Top of Records

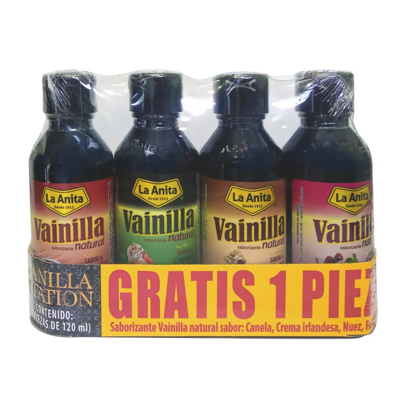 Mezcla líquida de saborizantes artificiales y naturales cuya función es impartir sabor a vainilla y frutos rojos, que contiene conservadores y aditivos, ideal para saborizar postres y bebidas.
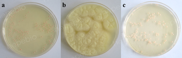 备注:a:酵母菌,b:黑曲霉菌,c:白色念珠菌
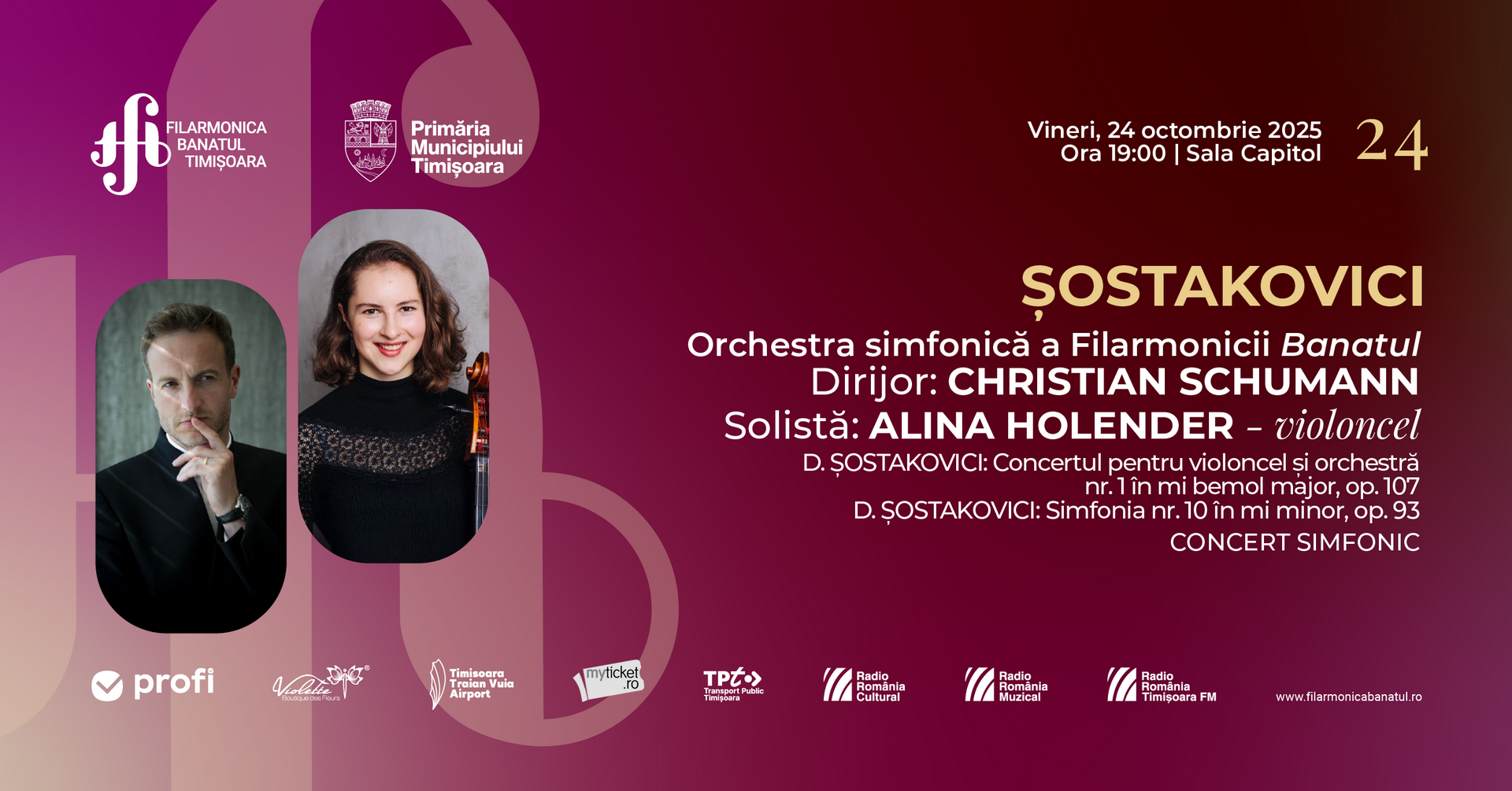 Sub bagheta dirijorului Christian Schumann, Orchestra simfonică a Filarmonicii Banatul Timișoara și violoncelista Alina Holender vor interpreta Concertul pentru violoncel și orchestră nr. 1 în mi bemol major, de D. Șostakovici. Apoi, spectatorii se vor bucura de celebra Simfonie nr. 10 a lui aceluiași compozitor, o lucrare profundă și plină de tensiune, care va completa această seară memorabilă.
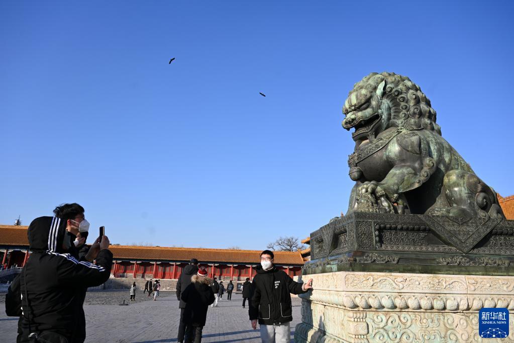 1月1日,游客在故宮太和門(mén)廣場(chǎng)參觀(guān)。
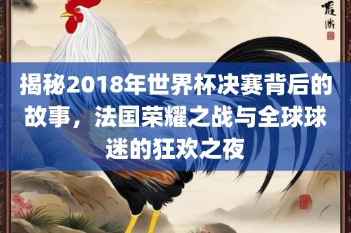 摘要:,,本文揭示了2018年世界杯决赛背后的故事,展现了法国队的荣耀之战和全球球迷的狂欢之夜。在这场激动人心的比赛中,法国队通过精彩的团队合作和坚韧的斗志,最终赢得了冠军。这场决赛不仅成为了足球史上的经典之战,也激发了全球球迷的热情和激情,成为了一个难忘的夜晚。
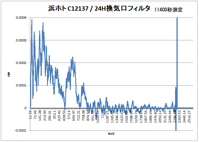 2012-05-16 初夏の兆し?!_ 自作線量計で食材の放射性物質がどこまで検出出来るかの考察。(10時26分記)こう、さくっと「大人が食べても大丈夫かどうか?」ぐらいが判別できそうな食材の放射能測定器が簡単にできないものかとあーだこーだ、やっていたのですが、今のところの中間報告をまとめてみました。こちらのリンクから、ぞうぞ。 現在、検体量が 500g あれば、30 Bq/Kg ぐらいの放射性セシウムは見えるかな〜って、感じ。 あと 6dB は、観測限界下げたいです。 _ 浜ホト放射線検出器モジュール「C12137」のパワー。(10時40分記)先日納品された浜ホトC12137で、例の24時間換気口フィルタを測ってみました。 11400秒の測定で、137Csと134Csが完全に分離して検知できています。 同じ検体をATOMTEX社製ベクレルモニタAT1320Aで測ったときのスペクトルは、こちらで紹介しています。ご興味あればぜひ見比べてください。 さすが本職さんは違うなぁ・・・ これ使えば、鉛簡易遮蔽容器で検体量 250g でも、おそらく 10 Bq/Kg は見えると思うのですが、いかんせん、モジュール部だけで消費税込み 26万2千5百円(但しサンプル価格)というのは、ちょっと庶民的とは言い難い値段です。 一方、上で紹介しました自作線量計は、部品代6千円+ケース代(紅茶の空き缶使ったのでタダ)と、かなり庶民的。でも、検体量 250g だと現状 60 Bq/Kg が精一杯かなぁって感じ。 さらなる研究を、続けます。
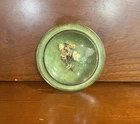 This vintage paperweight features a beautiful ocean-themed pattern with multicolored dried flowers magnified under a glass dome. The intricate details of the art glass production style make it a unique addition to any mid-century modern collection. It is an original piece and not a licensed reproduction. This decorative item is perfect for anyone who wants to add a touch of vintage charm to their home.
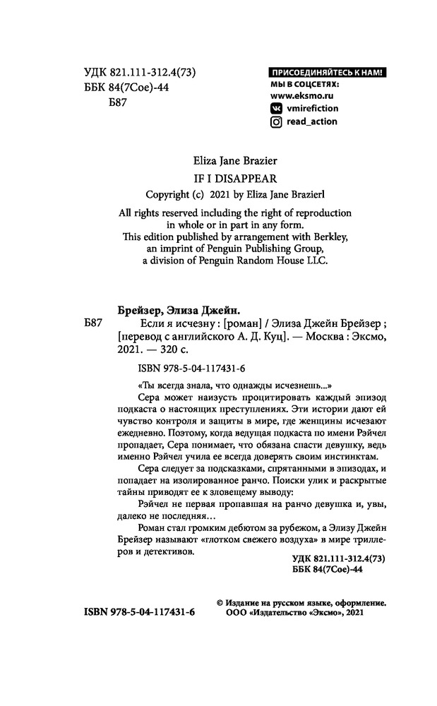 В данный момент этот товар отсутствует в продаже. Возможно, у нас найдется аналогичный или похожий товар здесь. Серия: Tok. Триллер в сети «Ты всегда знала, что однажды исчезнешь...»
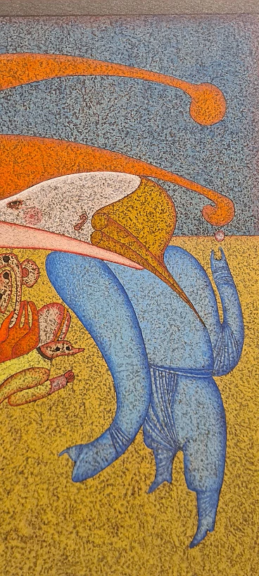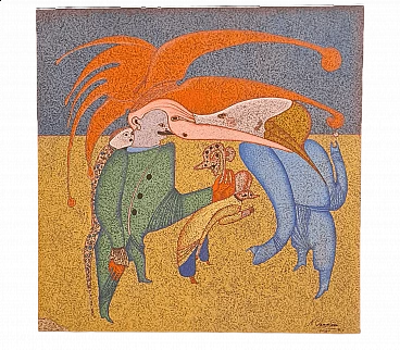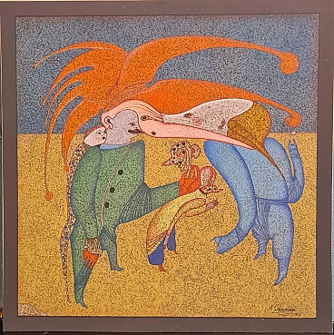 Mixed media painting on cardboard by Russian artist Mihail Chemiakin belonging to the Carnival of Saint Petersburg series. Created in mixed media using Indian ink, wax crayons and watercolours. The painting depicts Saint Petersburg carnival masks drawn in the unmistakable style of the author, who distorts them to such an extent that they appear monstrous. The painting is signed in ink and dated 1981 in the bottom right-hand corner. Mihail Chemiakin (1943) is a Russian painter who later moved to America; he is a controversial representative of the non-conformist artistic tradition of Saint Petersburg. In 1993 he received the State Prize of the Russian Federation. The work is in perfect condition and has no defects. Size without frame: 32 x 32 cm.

Bottom of Records
Top of Records

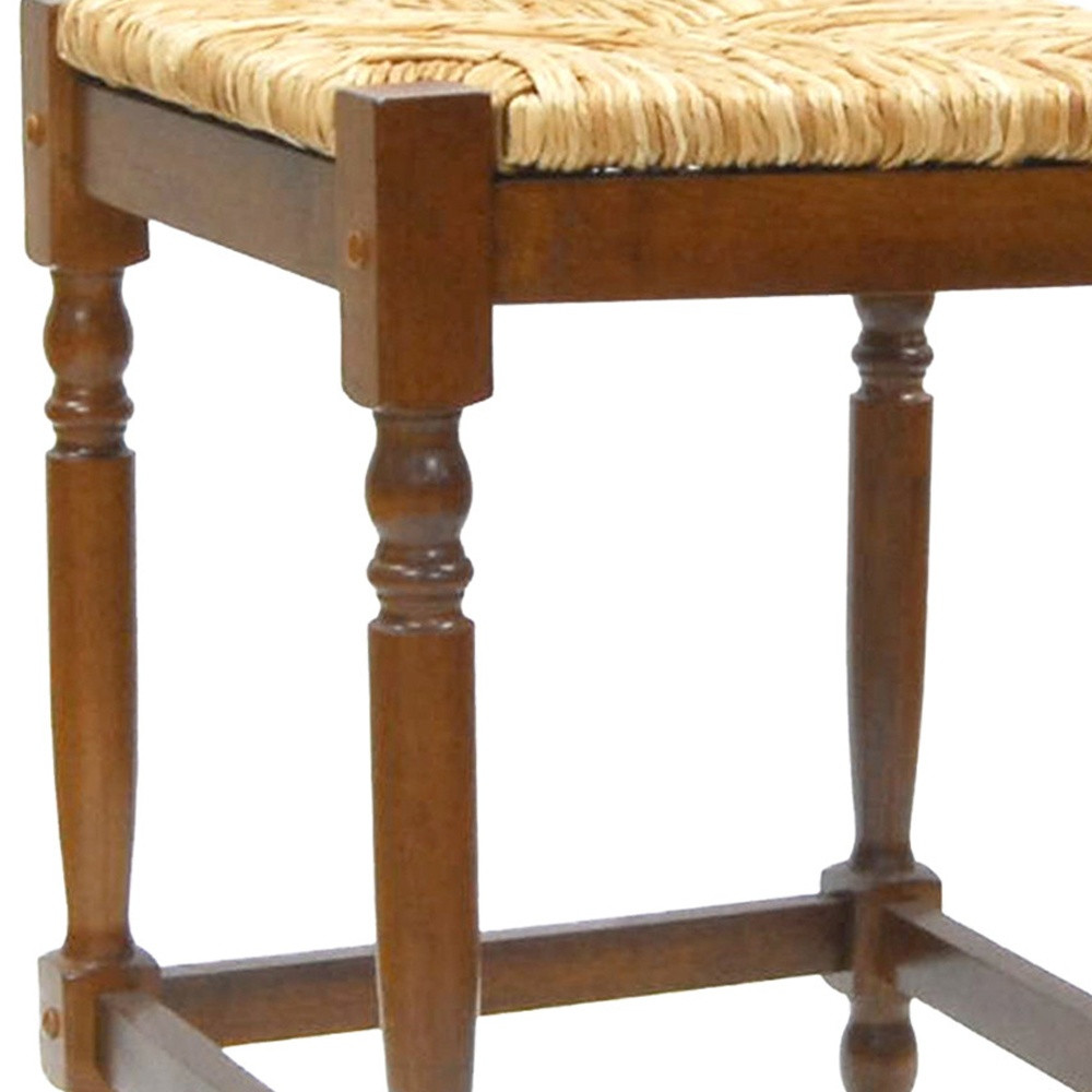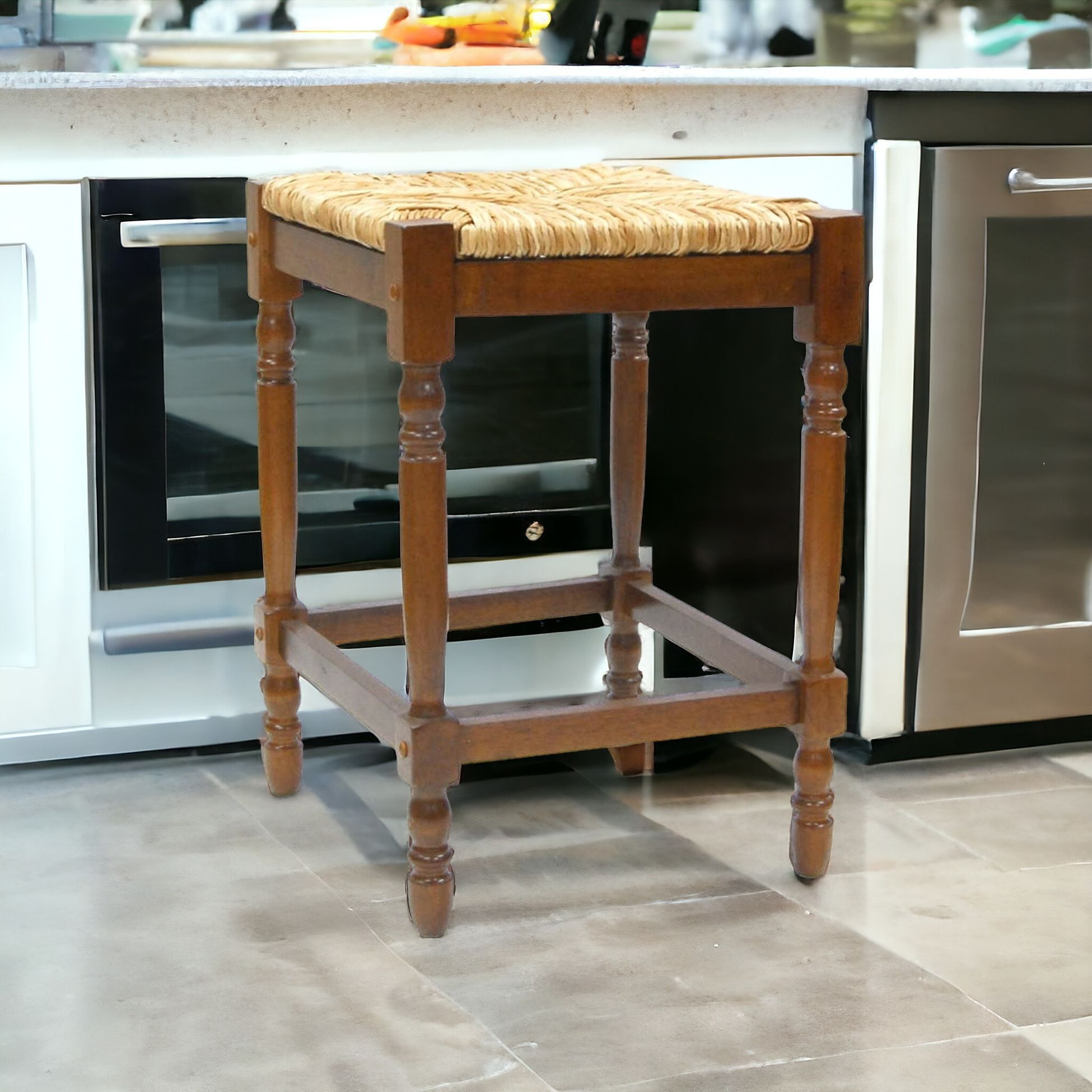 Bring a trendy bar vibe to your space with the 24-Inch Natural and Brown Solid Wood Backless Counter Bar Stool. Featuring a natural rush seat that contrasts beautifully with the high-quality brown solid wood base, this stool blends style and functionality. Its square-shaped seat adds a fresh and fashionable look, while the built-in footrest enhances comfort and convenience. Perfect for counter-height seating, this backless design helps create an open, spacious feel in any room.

Bottom of Records

## Problem requirements
Transcribe only this stretch of the data: the line with "备注:a:酵母菌,b:黑曲霉菌,c:白色念珠菌", the line with "摘要:,,本文揭示了2018", and every line in between. Leave out the pictures.

## Solution for this exercise
 备注:a:酵母菌,b:黑曲霉菌,c:白色念珠菌
 Sub bagheta dirijorului Christian Schumann, Orchestra simfonică a Filarmonicii Banatul Timișoara și violoncelista Alina Holender vor interpreta Concertul pentru violoncel și orchestră nr. 1 în mi bemol major, de D. Șostakovici. Apoi, spectatorii se vor bucura de celebra Simfonie nr. 10 a lui aceluiași compozitor, o lucrare profundă și plină de tensiune, care va completa această seară memorabilă.
 1月1日,游客在故宮太和門(mén)廣場(chǎng)參觀(guān)。
 摘要:,,本文揭示了2018年世界杯决赛背后的故事,展现了法国队的荣耀之战和全球球迷的狂欢之夜。在这场激动人心的比赛中,法国队通过精彩的团队合作和坚韧的斗志,最终赢得了冠军。这场决赛不仅成为了足球史上的经典之战,也激发了全球球迷的热情和激情,成为了一个难忘的夜晚。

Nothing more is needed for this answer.